Ideally, this enables investors to make well-informed decisions on whether they should buy or sell a stock, based on the information supplied by the company.

But the listing manual of the Singapore Exchange (SGX) can only go so far in spelling out what a listed firm and its management should do in terms of material disclosure. Ultimately, it is still up to the company to make sure that the information is disseminated to investors judiciously.

What the SGX can do as the regulator is to ensure that listed companies adhere strictly to its listing manual. Failing that, the bourse operator must mete out pain in the form of a reprimand or even delisting, if they fail to comply.

To this end, the SGX has taken its duties seriously.
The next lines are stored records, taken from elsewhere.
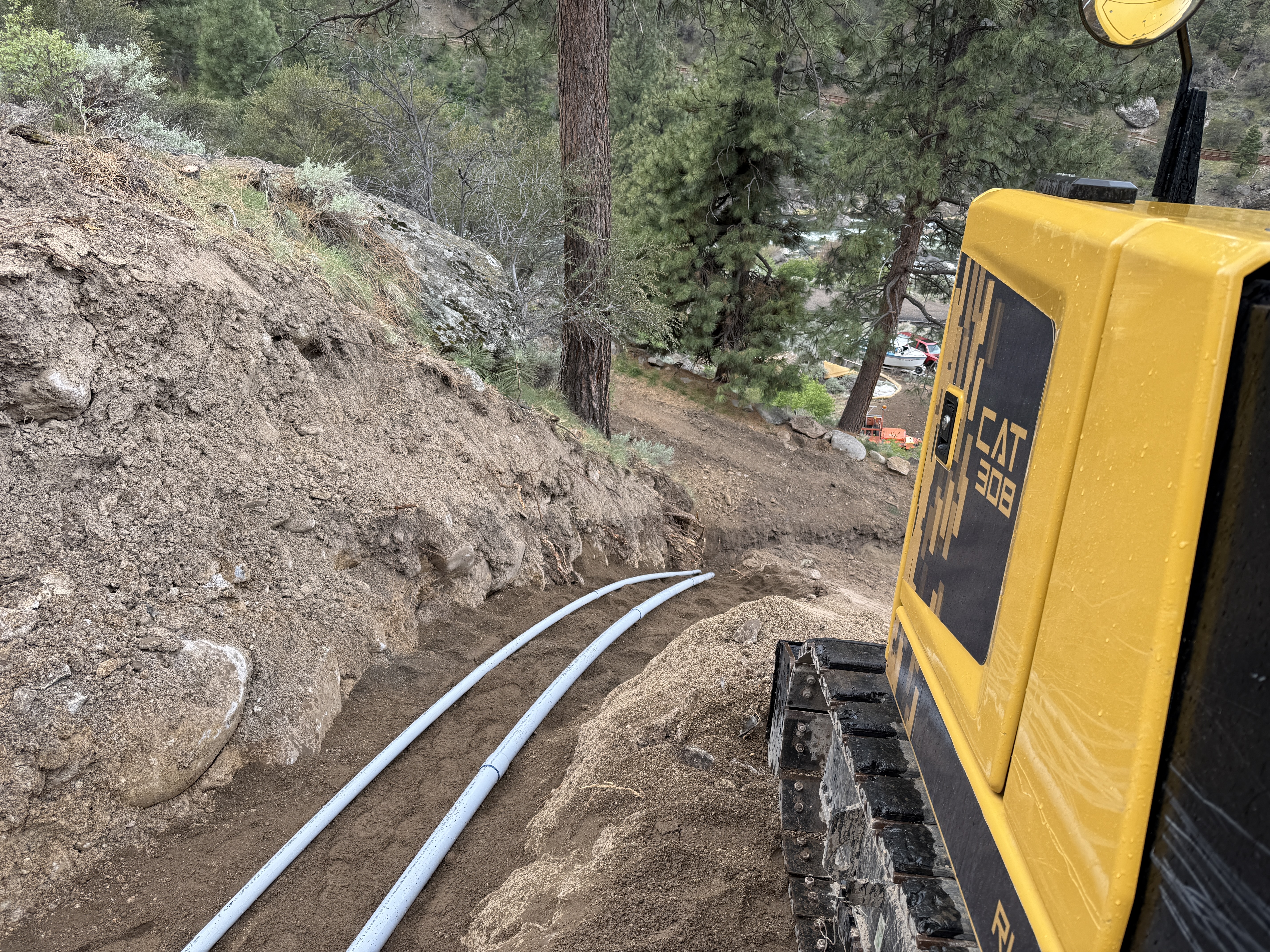 The image shows an excavator positioned on a slope next to a trench with conduit installed at the bottom. The area appears to be part of a new installation or upgrade, with visible earth displacement and conduits already in place. The machinery is positioned on the slope, indicating active trenching or excavation work. No safety barriers or PPE are visible.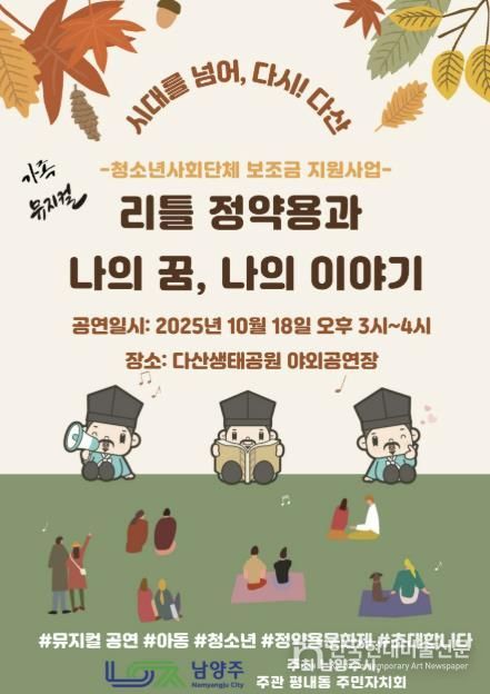 한국현대미술신문 배윤섭 기자 | 남양주시는 오는 10월 18일 조안면 다산생태공원에서 아동·청소년 대상 가족뮤지컬인 ‘리틀 정약용’을 선보인다.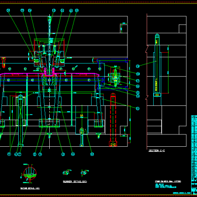14、图面的整理﹐包括剖切符号﹐哥林柱的插入﹐胶口的放大图﹐顶针表﹐排气槽﹐图框的放入﹐MARK表的填写等。

During the recent Airocean trial, in which three former directors were charged with having breached their duties, the SGX shed some light on how it monitored listed firms with regard to their compliance with its listing manual.
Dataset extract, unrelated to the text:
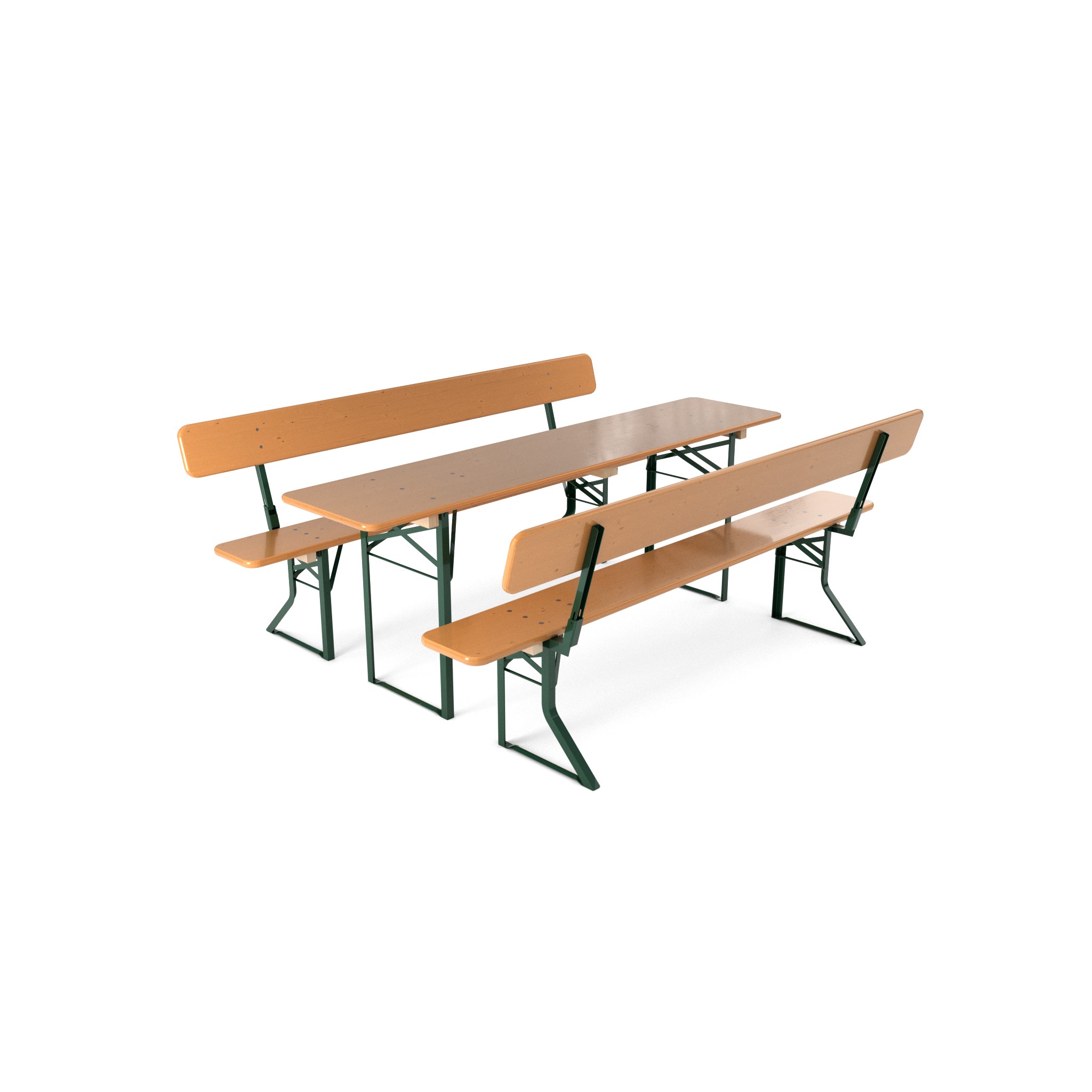 Original GWW-Festzeltgarnituren werden aus ausgewähltem nordischem Fichtenholz gefertigt mit 24 mm starken Tischplatten und besonders robusten 28 mm Bankplatten mit durchgängig geschweißten Gestellen aus stabilem Winkelstahl kombiniert – für maximale Stabilität und jahrelange Nutzung.

In Airocean’s case, Ms Lorraine Chay, then the SGX team head looking after the freight forwarder’s compliance issues, even sought meetings with the board of directors to clarify certain announcements made by the firm.

That is not all. Apart from routine monitoring of announcements, during the recent corporate reporting season, the SGX asked some listed firms to give more details of their results.
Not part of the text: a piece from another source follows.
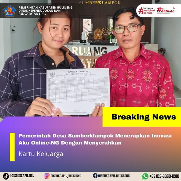 Pemerintah Kabupaten Buleleng melalui Dinas Kependudukan dan Pecatatan Sipil (Disdukcapil) Kabupaten Buleleng memaksimalkan serta mempermudah pelayanan kependudukan masyarakat dengan beberapa inovasi, melalui aplikasi AKU Online-NG. Dimana dalam penerapan aplikasi Aku Online-NG tersebut masyarakat tidak perlu lagi datang ke Dinas Dukcapil untuk melakukan pelayanan langsung cukup dengan datang ke Desa nanti akan dibantu oleh operator Desa masing-masing. Di Desa Sumberklampok Kecamatan Gerokgak, telah diserahkan dokumen kependudukan berupa Kartu Keluarga atas nama Gede Sudiartana yang diserahkan secara langsung oleh Pemerintah Desa Sumberklampok Kecamatan Gerokgak Kabupaten Buleleng, Selasa (25/11).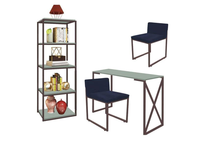 O menor preço encontrado no Brasil para Kit Escritório Bex 2 Cadeiras Suede Azul Marinho com 1 Mesa e 1 Livreiro Ferro Marrom MDF Verde Oliva - Ahazzo Móveis atualmente é R$ 1.609,90.

This should, in turn, give investors a better handle on making informed decisions about what to do with their investments in those companies.

Still, there are areas on corporate disclosure which could be improved.

While the financial health of a firm is closely monitored by analysts, investors also put great store on the trading of its shares by its top management and substantial shareholders.

What better show of faith by a boss than to invest his own cash in the business he is running?

The importance of such insider dealings is reflected by the weekly reports highlighting such transactions by local brokerages, foreign research houses and the financial media.

But unlike other compliance issues, the disclosure of the trading of shares is fairly clear-cut, given the safeguards which have been put in place.

The Companies Act requires a substantial shareholder who has bought or sold a tranche of shares to notify the company within 48 hours of the transaction.

Separately, the Securities and Futures Act requires a substantial shareholder to disclose any changes in his shareholdings in a listed firm to the SGX.

It is surprising, to say the least, that there is still tardiness in compliance, even though it is by far one of the simplest rules to satisfy.

Guanyu said...

Take sportswear maker China Hongxing Sports - a favourite counter among retail investors and on the ‘buy’ list of many brokerages until the global financial crisis soured investors’ appetites on China plays. Two weeks ago, it came out with a routine one-page announcement that a substantial shareholder, JF Asset Management, had ceased to be a substantial shareholder, after paring its stake by more than half to 4.08 per cent.

But the company’s disclosure came five months late. JF Asset Management had sold 126.55 million China Hongxing shares - a huge number by any reckoning - between Jan 8 and Feb 27, as it trimmed its shareholdings to 108.5 million shares.

Yet, the announcement of its sales was made by China Hongxing only on Aug 6.

The delay has also meant that the shareholding statistics released in the company’s latest annual report are wrong as well. It had reported that, as of March 19, JF Asset Management held 235.05 million shares in the company.

What is surprising is a lack of effort by China Hongxing to explain the lengthy disclosure delay. Investors are left wondering which party was at fault for the foot-dragging.

Market-watchers argue that the SGX should have pressed for an explanation, considering the importance which investors attach to insider trades.

This is considering that one week later, when China Hongxing released its half-year financial statements, SGX had asked it for more details on a host of issues relating to the results.

Surely, it is good housekeeping for the SGX to insist on strict compliance on simple issues like insider trades? This would keep listed firms on their toes and ensure that they dutifully make timely disclosure on other issues as well.

Traders are also unhappy about repeated breaches on such a simple requirement. They noted, for instance, that in 2006, another mainland play, China Sun Bio-chem Technology, was four months late in reporting the sales of its shares by Temasek Holdings. It had made the disclosure belatedly, only as it was preparing its annual report.

In the past few months, there has been a growing campaign to look at issues like the role of independent directors to see how small investors’ interests can be better protected. What is more urgently needed: better enforcement on basic rules like getting disclosures on a substantial shareholder’s transactions out in a timely manner. This would go a long way towards boosting investor confidence over the disclosure-based regime now in place in our stock market.